# Florida duck hunting



## Dutch hunter (May 18, 2008)

After a few months (on the Nodak forum) I ve met this cool guy Woody who invited me over for some serious duck hunting.
Man I had the time of my life hunting over there.
By airboat, canoe or standing tall in the mud, it didn t matter it was all fun!
Compliments for all my fellow ******* hunters and I ll hope to meet ya all soon again.


----------



## sonofaduckhunter (Jul 17, 2005)

DUTCH HUNTER,

IT WAS GREAT HAVING YOU HERE FOR OPENING WEEK. HOPEFULLY YOU CAN MAKE IT BACK.

SON OF A DUCK HUNTER


----------



## Leo Porcello (Jul 10, 2003)

Cool deal! Lets hear some stories!


----------



## huntingdude16 (Jul 17, 2007)

Now you need to come to Nodak.


----------



## Dutch hunter (May 18, 2008)

Me, Woody and Gunner after a great morning.

@ Dude thanks man!


----------



## Gildog (Jan 30, 2007)

Dutch hunter said:


> Me, Woody and Gunner after a great morning.
> 
> @ Dude thanks man!


are those gator eyes breaking the surface in the background? 

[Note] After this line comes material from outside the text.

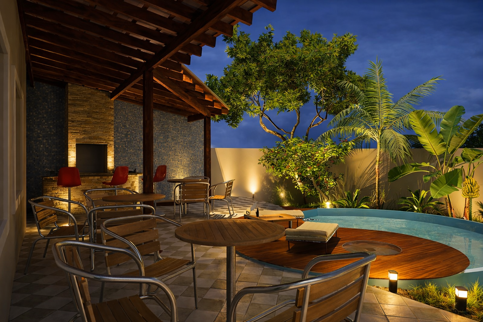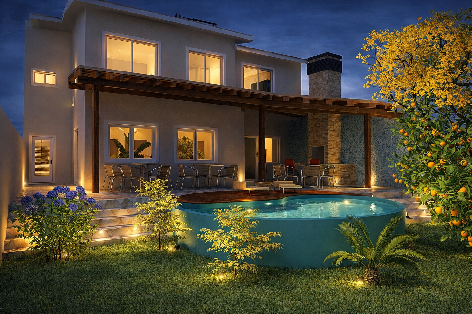 A área externa foi desenvolvida como uma extensão natural da vida interna, proporcionando um local ideal para o lazer. O projeto de paisagismo integra a vegetação à arquitetura, criando um ambiente sereno e convidativo. Esse espaço é perfeito para momentos de descontração ao ar livre, valorizando o contato com a natureza. A permeabilidade visual mantém a conexão com os jardins, reforçando a proposta de uma moradia que celebra a luz e a liberdade.
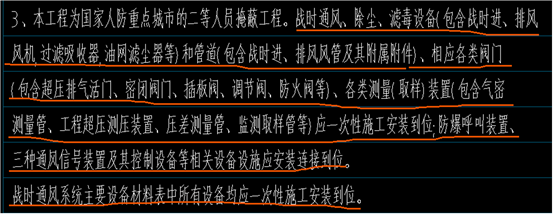 74. 如下图所示:4.20日答疑回复战时地库暖通仅计预埋,设计说明中战时也需安装到位,请明确该部分内容是否在本次招标范围?还是以后在防化设备里面单独招标?

do you have to worry about gators there?


----------



## blhunter3 (May 5, 2007)

Nice Pictures, glad to see some people still shooting ducks.


----------



## Dutch hunter (May 18, 2008)

I was woryed for these fellows...
Honest I ve never been so close before and while wading back I never got my shells out of my gun.
One morning I had several dead ducks in front of my feet and at that point I thought : what am I doing here :beer:

But he it s all fun that counts and all my fellow hunters over here never believed my story until they saw my pictures.


----------



## dakotashooter2 (Oct 31, 2003)

Nice pic of your retriever!!!! How do you keep him from eating the birds?????


----------



## Dutch hunter (May 18, 2008)

I didn t.... pure luck I think?


----------



## 9erfan (Oct 18, 2007)

OK, I'm thinking I'll stop griping about this cold weather. Not a big fan of gators (real or UofF)!! Airboats, however, I'm in full support of. Rode in one a few years ago--lot's of fun.


----------



## goosebusters (Jan 12, 2006)

9erfan said:


> OK, I'm thinking I'll stop griping about this cold weather. Not a big fan of gators (real or UofF)!!


haha, I couldn't imagine having to deal with that. We have eagles and hawks eat our crippled birds, but never something that could take a good chunk out of your leg!


----------



## Neck Collar (Sep 19, 2006)

Haha i think that ones big enough to take the whole leg instead of just a chunk


----------



## dakotashooter2 (Oct 31, 2003)

Hoping for a "soft mouth" is probably out of the question. :eyeroll:


----------